The normal external ear is typically 20 to 25 degrees angled from the temporal scalp; a more obtuse angle can cause the ear to appear prominent. The upper third of the ear protrudes on average 10 to 12 mm from the scalp, the middle third of the ear protrudes on average 16 to 18 mm from the scalp, and the lower third on average 20 to 22 mm from the scalp.
What are the indications for otoplasty?
Among the indications for otoplasty are include the patient with the prominent ear, constricted ear, Stahl’s ear, or cryptotia. The prominent ear is most common, affecting 5% of the Caucasian population.
Is there a role for nonsurgical otoplasty?
Definitely, if it is performed in the neonatal period. Nonsurgical molding cannot create parts of the ear that are not there but can correct many types of congenital deformities including prominent ears and Stahl’s ear. In 1990, Matsuo reported successful nonsurgical treatment of all protruding ears and other deformities in neonates theorizing that the malleable nature of cartilage is due to elevated level of circulating maternal estrogen. The age at which nonsurgical therapy can be offered is debatable; opinions vary from newborn to up to 6 months of age. It is the opinion of the authors that neonatal ear molding is most effective for minor helical rim deformities and should be started by 6 to 8 weeks of age.

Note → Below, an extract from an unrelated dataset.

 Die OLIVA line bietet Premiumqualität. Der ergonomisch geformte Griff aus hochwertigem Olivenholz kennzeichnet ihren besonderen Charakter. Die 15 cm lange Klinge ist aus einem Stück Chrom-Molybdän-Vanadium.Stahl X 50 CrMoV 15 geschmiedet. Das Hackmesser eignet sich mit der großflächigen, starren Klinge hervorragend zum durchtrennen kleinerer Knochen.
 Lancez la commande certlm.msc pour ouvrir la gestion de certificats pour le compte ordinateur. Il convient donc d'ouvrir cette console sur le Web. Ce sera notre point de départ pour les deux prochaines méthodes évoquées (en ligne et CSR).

Describe the nonsurgical otoplasty technique.
A molding device is made often by surrounding a thin solder or copper wire with wax, Microfoam tape, or plastic tubing. This is bent to fit the ear and then shaped to press ear into a normal shape. The hair around the ear is shaved and prepped with an adhesive and the device is secured with multiple steristrips. As soon as the ear begins to retain the desired contour, the wire (if present) is removed. Finally, the tape mold is omitted and the ear is held with tape alone until the new position is stable. It is imperative that the patients be seen frequently to rule out pressure injury to the ear.
A few months.
What are the causes of ear prominence?
The causes are unknown. Some authors have theorized that abnormalities in the location and attachments of the muscles around the ear may be the cause. Not all prominent ears are the same. The anatomic structures of the ear that may be abnormal in a prominent ear include:
1. Effacement or deficiency of the antihelical fold. This may occur along the entire length of the helix or just involve the inferior or superior crus of the antihelix.

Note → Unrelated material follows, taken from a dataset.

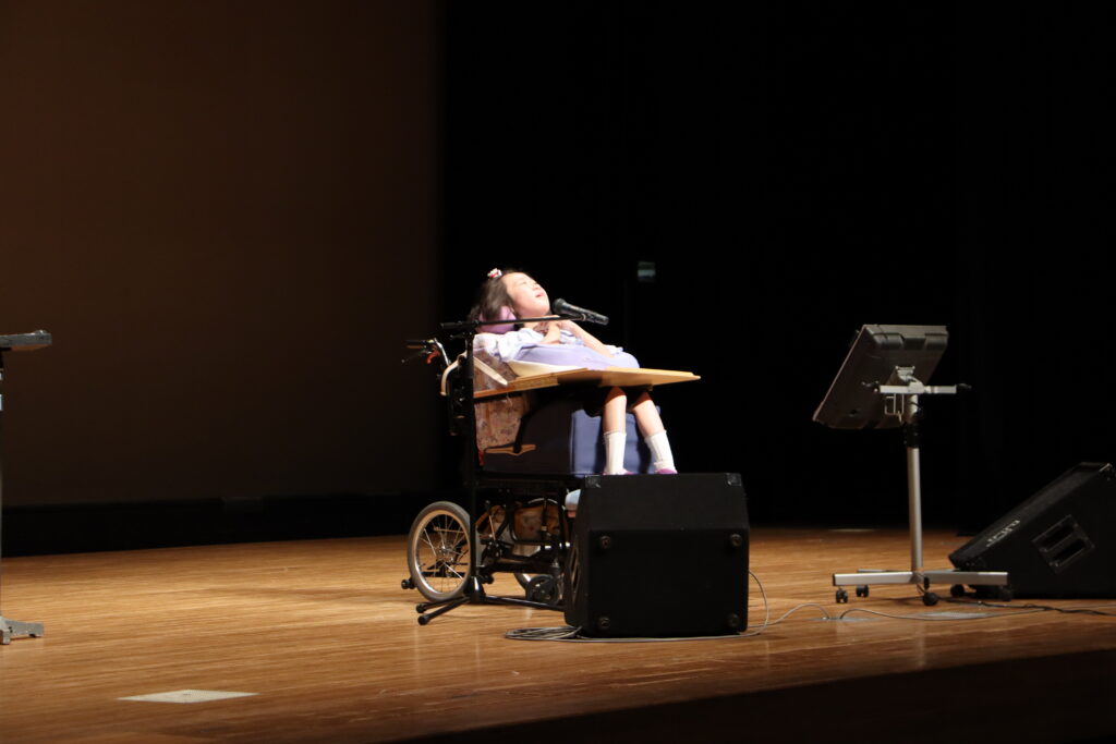 横浜ラポールシアターはステージに車いすのままスロープで上がれます。素敵な歌声を聞かせてくれました

2. Conchal hypertrophy, excess (>1.5 cm depth) or abnormality of shape including an obtuse conchal mastoid angle. The excessive depth of the concha may be unequally distributed between the upper (cymbum) and lower (cavum) poles of the concha.

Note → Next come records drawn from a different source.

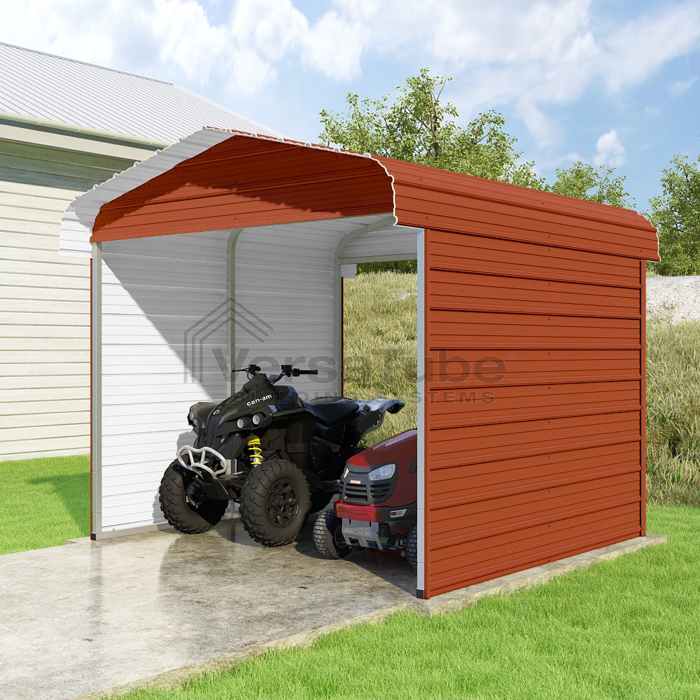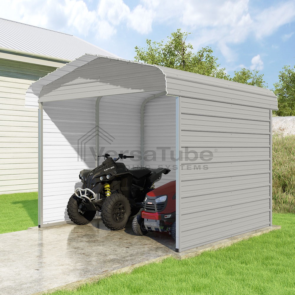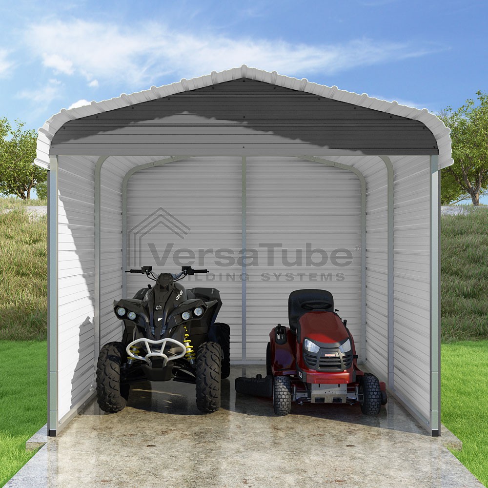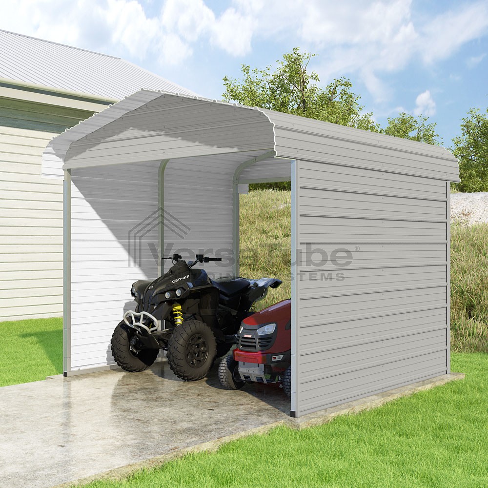 Classic Series DIY carport kit features horizontal application of sheet metal panels with the extra protection of rounded eaves.
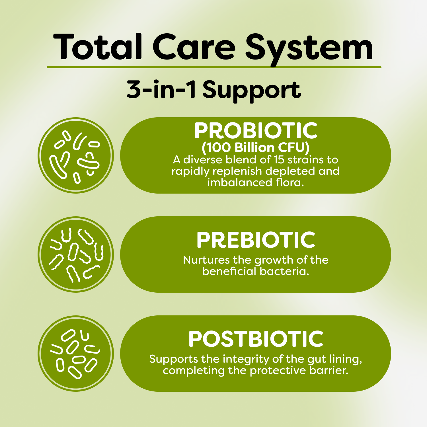 This formulais a high-potency, 100 Billion CFU "Total Care" system designed to help you bounce back quickly after antibiotic use or periods of severe digestive disruption. This doctor-formulated blend features the resilient probiotic yeast S. boulardii to shield your system from harmful bacteria and support natural detoxification.
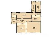 3 szoba, nappali, konyha, fürdőszoba kádas kialakítással + mellékhelyiség, előszoba, közlekedő, tároló.
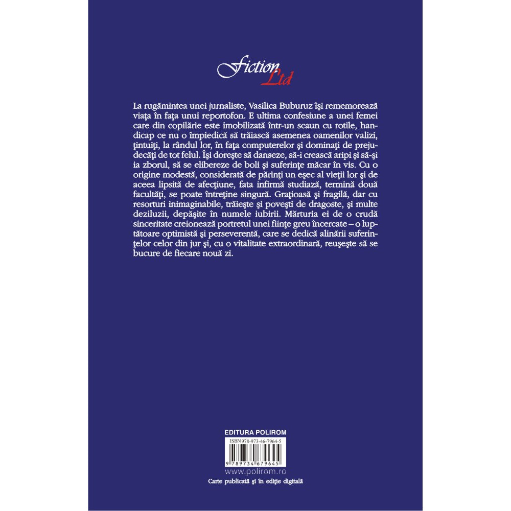 La rugamintea unei jurnaliste, Vasilica Buburuz isi rememoreaza viata in fata unui reportofon. E ultima confesiune a unei femei care din copilarie este imobilizata intr-un scaun cu rotile, handicap ce nu o impiedica sa traiasca asemenea oamenilor valizi, tintuiti, la randul lor, in fata computerelor si dominati de prejudecati de tot felul. Isi doreste sa danseze, sa-i creasca aripi si sa-si ia zborul, sa se elibereze de boli si suferinte macar in vis. Cu o origine modesta, considerata de parinti un esec al vietii lor si de aceea lipsita de afectiune, fata infirma studiaza, termina doua facultati, se poate intretine singura. Gratioasa si fragila, dar cu resorturi inimaginabile, traieste si povesti de dragoste, si multe deziluzii, depasite in numele iubirii. Marturia ei de o cruda sinceritate creioneaza portretul unei fiinte greu incercate – o luptatoare optimista si perseverenta, care se dedica alinarii suferintelor celor din jur si, cu o vitalitate extraordinara, reuseste sa se bucure de fiecare noua zi.
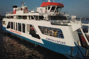 (Beritadaerah-Pontianak) Tampak kapal ferry penyebrangan Sungai Kapuas di Kota Pontianak, Kalimantan Barat, Rabu (31/7). Dalam sehari, Kapal Ferry penyebrangan sungai Kapuas mampu...
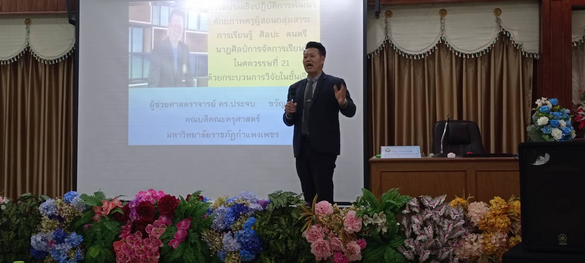 การอบรม เรื่อง พัฒนาศักยภาพครูผู้สอนกลุ่มสาระการเรียนรู้ ศิลปะ ดนตรี นาฎศิลป์ ในการจัดการเรียนรู้ในศตวรรษที่ 21 ด้วยใช้กระบวนการวิจัยในชั้นเรียน ณ ห้องประชุมเฉลิมพระเกียรติ โรงเรียนศรีสำโรงชนูปถัมภ์ การอบรมในครั้งนี้มีวัตถุประสงค์ เพื่อให้ครูผู้สอนกลุ่มสาระการเรียนรู้ ศิลปะ ดนตรี นาฎศิลป์ ให้มีความรู้ความเข้าใจในการออกแบบและเขียนแผนการจัดการเรียนรู้ให้ครูและบุคลากรทางการศึกษา สามารถแก้ไขปัญหานักเรียน โดยใช้กระบวนการวิจัยในชั้นเรียน

3. A conchoscaphal angle greater than 90 degrees.
What type of anesthesia is preferred for otoplasty?
Local anesthesia is usually preferred in adults and general anesthesia is usually required in children. In patients less than 12 years of age general anesthesia is recommended. This may vary by patient and surgeon.
What are the preferred markings for otoplasty?
Most otoplasty procedures can be performed through a posterior incision, either in the sulcus or on the posterior surface of the concha. If the patient has macrotia or desires more definition of the helical rim, then an incision is also made just inside the helical rim.